One of the interesting things about “Seinfeld” is the almost aimless way it meandered onto TV at the beginning of its history.
The first episode of “Seinfeld” premiered on July 5, 1989. And since the anniversary of that date just passed last Friday, you're seeing various commentaries and TV news features on the show and its legacy. TBS even ran a marathon of “Seinfeld” episodes over the recent holiday weekend.
Certainly, it is valid to consider this date in 1989 as the birthday of “Seinfeld.” But it is also true that the show had another name on that day -- “The Seinfeld Chronicles” -- and it did not really become a full-fledged series until more than two years later, in September 1991.
That was the start of what Wikipedia and other sources consider to be “Seinfeld’s” third season. But it also happens to be the first season in which the show had a season's worth of episodes -- 23 -- airing within the parameters of the fall-to-spring TV season (September to May).
In fact, the show's first “season” consisted of only five episodes that were stretched over a period just shy of one year -- from the premiere of the first one in July 1989 to June 1990.
These are the episodes you encounter from time to time at the very beginning of the show's syndication cycle. It was the very beginning of “Seinfeld,” and the characters, and indeed the show’s style generally, were not yet defined.
Season Two, such as it was, consisted of just 12 episodes running from January to June 1991.
Various sources credit one-time NBC executive Rick Ludwin with being the principal champion behind the development and subsequent survival of this sitcom that emerged from those first two short and very uncertain seasons to become one of the top two or three most storied shows in all of television history.
One question about “Seinfeld” that still persists 30 years after it was born is this: What explains the show’s continuing popularity (as reflected in the fact that it is still a staple of syndication and streaming here in 2019)?
Like many another popular TV show, “Seinfeld” is looking more and more dated as the years go by, from the fashions to the social customs. Perhaps more to the point, the culture of computers, cell phones and social media is absent in the day-to-day lives of these characters from the 1990s.
Today, 21 years after “Seinfeld” had its finale in May 1998, these three icons of our modern world are firmly entrenched. They are technologies almost everyone encounters and uses every single day for, among other reasons, watching (and commenting on) TV shows.

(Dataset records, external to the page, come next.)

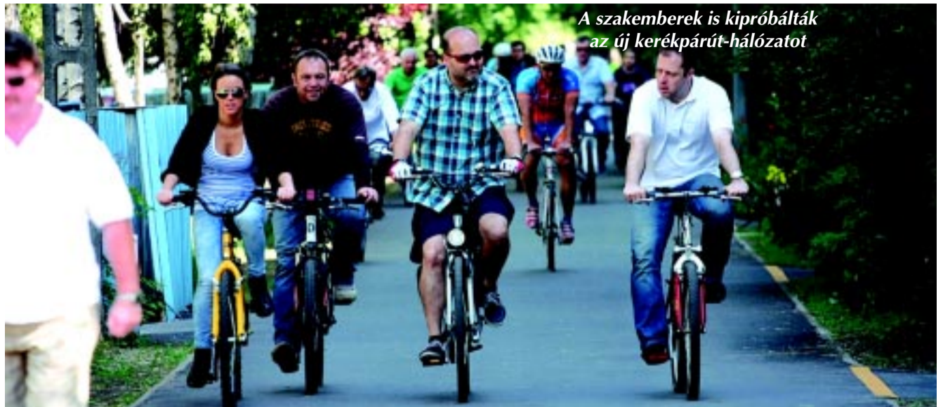
A szakemberek is kipróbálták az új kerékpárút-hálózatot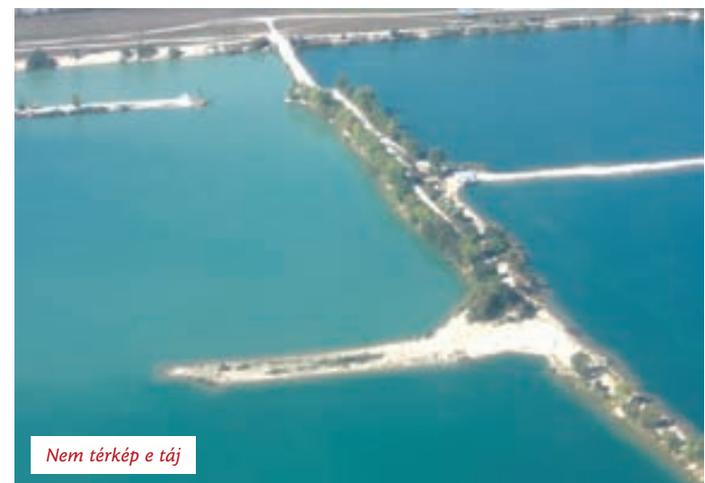
Nem térkép e táj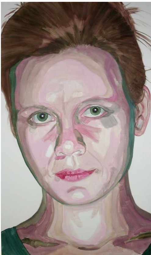
Bez názvu, akryl na plátně, 170 x 100 cm, 2014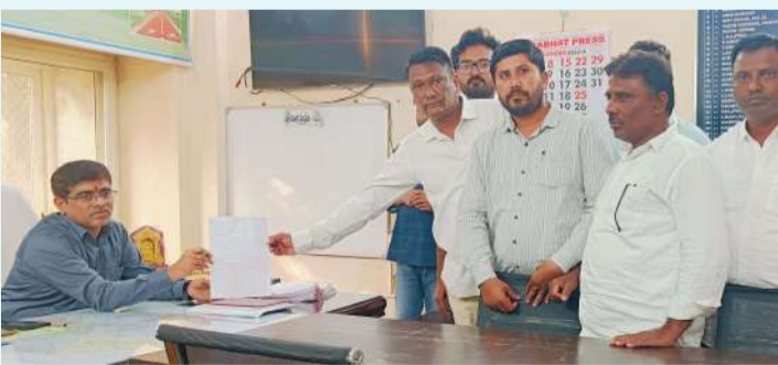
సిద్దిపేట ప్రజాజ్యోతి :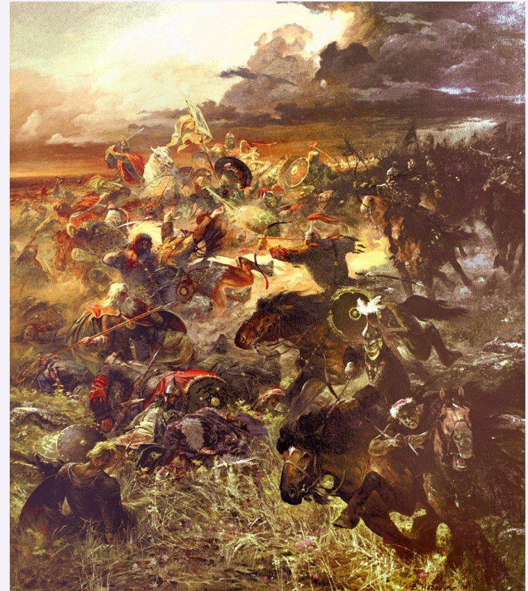
«Слово о полку Игореве».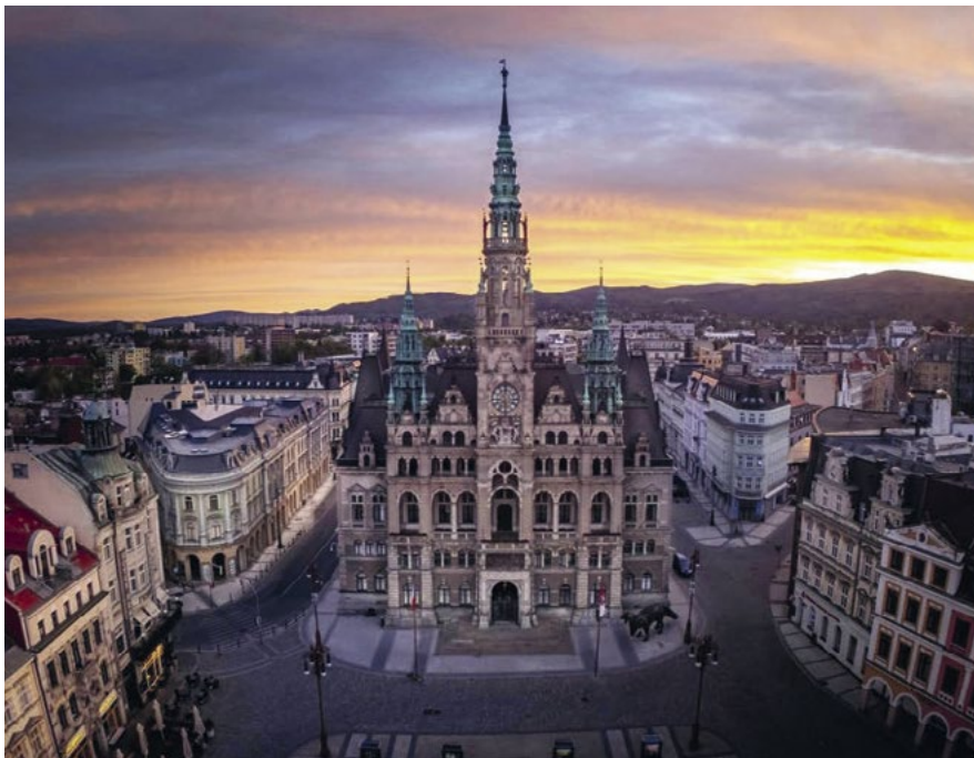
Liberecká radnice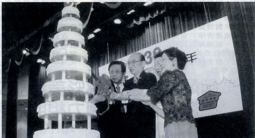
三十九週年校慶晚會，適值韓國慶熙大學創辦人趙永植八十誌慶，張董事長、林校長率全體同仁為這位遠到而來的貴賓慶生。

【記者吳曉珊報導】屹立於陽明山的中國文化大學建校迄今已邁入第三十九個年頭，3月1日的文大校慶一大早就在大恩館華風堂內舉行了慶祝大會，會中大韓民國 GCS 木蓮分會長吳貞明女士獲頒了名譽文學博士學位，九十年度的傑出校友也接受表揚，遠道而來的韓國慶熙大學創辦人趙永植博士，以及中國商銀常務監察人趙自齊先生更親臨致詞，讓文大三十九週年的校慶增添了許多光彩。為迎接三十九週年的校慶，文大舉辦各式動態、靜態的活動展覽，看著文大學生積極投入體育競賽的態度，揮灑熱情澎湃的活力，充分發揮出團結合作的精神，以及文大活潑開明的校風。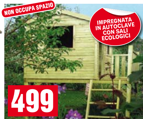
La casetta dei sogni. Casetta giochi o portattrezzi, sopraelevata, con terrazza e scala. 160x190x270h cm. BD61078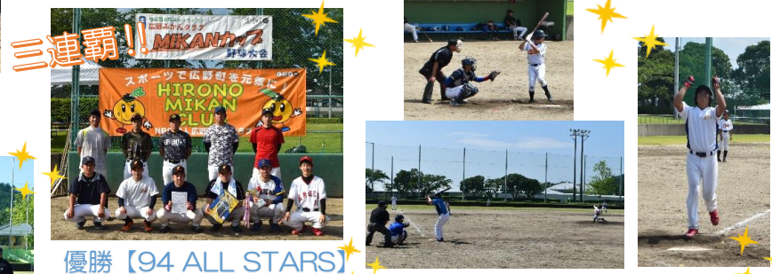
優勝【94 ALL STARS】

“Friends” -- a contemporary of “Seinfeld” from the same era on NBC -- also remains popular today. It is said to even be gaining in popularity among a generation of younger Americans who were not even born when the show's episodes first aired on NBC (1994-2004).
That show also can be seen as a relic from the pre-social media age. And there are those who argue that “Friends” is even more timeless than “Seinfeld,” and easier to take today, because of the warmth that exists between the six main characters.
As most people familiar with “Seinfeld” know well, the writers of “Seinfeld” purposely avoided the kinds of warm relationships that were typical of network sitcoms at the time in order to take their show in different directions than what was typical at the time.
Perhaps both shows continue to be popular at least in part because they do not feature their characters constantly yakking into, or staring at, smartphones. Instead, the characters are seen relating to each other personally.
Indeed, a number of the mix-ups on “Seinfeld,” in which the four friends missed appointments to get together with each other, would not even be possible today in the era of constant cell phone communications. Simpler times? Maybe.
In the final analysis, one measure of cultural impact -- especially where a TV show is concerned -- is the money it made. It has been estimated that “Seinfeld” has made more than $4 billion in syndication.
That's a lot of something, for a show about nothing.